I am not talking about Liver, Gizzards etc, but the GUTS. Have you ever cleaned a Crab > There are the for a better word Tentacles that filter out Toxins and Sand,yellow poop etc. Do you eat That ?
I grew up in Germany and love Bloodwurst, Liver and have eaten Brains and just about every part of a Pig, Cow, Goat etc etc. but draw the line of gut innards. And I know Sausage casings are Gut outers.


----------



## cat man (May 7, 2007)

Dare I ask how your Mad Cow is coming along?


----------



## elchivito (Jan 25, 2009)

I'll pass on the crab guts, and I like offal meats and various oddments as much as the next person. Chicken feet are pure delight when they're done right. I love crab and lobster meat, but crabs and lobsters are really just giant ocean-dwelling bugs, and the goop inside them is just like the goop in those big grasshoppers that hit your windshield. No thanks.


----------



## docsmith (Aug 4, 2008)

Just about every culture except current European has no problem eating insects. Its just what you grow up with.


----------



## cat man (May 7, 2007)

...and North American


----------



## chalkdust (Feb 18, 2009)

yeah tomalley is good, the fat and brains of the crawfish are great.

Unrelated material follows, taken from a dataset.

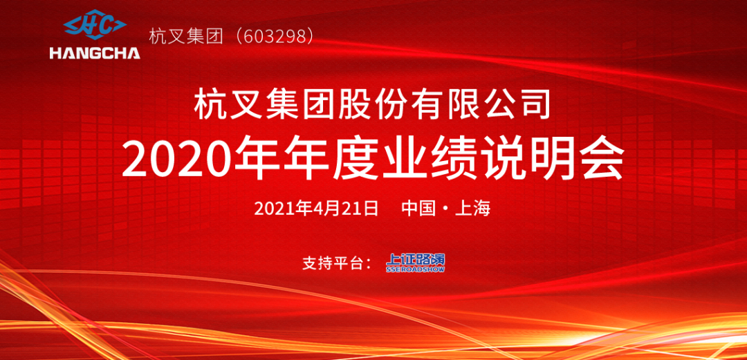 2021年4月21日,杭叉集团股份有限公司(股票代码603298)通过上证路演网“业绩说明会互动平台”成功举办线上“杭叉集团2020年度报告业绩说明会”,与广大投资者就公司2020年业绩表现、发展战略、未来规划等议题进行了坦诚充分的交流。出席本次业绩说明会的嘉宾包括公司董事长兼总经理赵礼敏先生,董事会秘书、总经理助理陈赛民先生以及公司副总会计师、财务负责人章淑通先生等。

so im sure this would be potentailly good



personally i tried urchin sushi and didnt like it. im fine with the idea of eating uncooked sexual organs, it just didnt taste good!

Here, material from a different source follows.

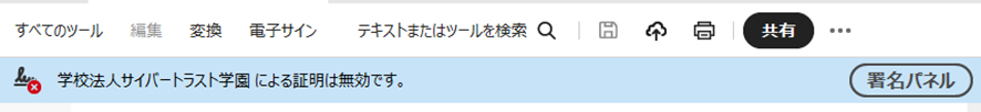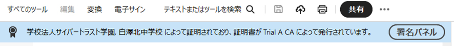 以下は、架空の学校法人ならび架空の中学校向けに発行した eシール用証明書を PDF ファイルに付与し、Acrobat Reader で開いています。

maybe i should give it another shot. it annoys me if i dont like something and i know some people, somewhere gobble it down (within reason of course)


----------



## chalkdust (Feb 18, 2009)

after i read achebe's "things fall apart" for the first time, i started going online looking for sources of live locusts and proper safe methods for killing and sun drying them to be eaten with red palm oil....

unfortunately i havnt done this yet! but if i ever go to ibo land it is gonna be on.


----------



## docsmith (Aug 4, 2008)

Well I consider NA culture to be basically European, despite all the jingoism.


----------



## foodiecutie (Mar 4, 2010)

From my experience I can tell you that Filipinos and many other Asians consider the crab mustard and roe, as well as the lobster tomalley and roe, the BEST PART. I was born and raised in the DC area (with abundant access to fresh Maryland blue crabs) and it's considered normal to eat the mustard and roe of crabs. In fact, when I go to Cantler's (a famous crab place in Annapolis, MD) I end up stuffing myself on the crab guts that my (non-Asian) friends are too squeamish to eat, before I even get to the white crab meat (which I also love).

Additionally, I read an article on the Weston A. Price website that validates what I have always suspected to be true: that the mustard and roe of crab is incredibly nutritious (provided it is not from contaminated waters). The article also provides a few recipes.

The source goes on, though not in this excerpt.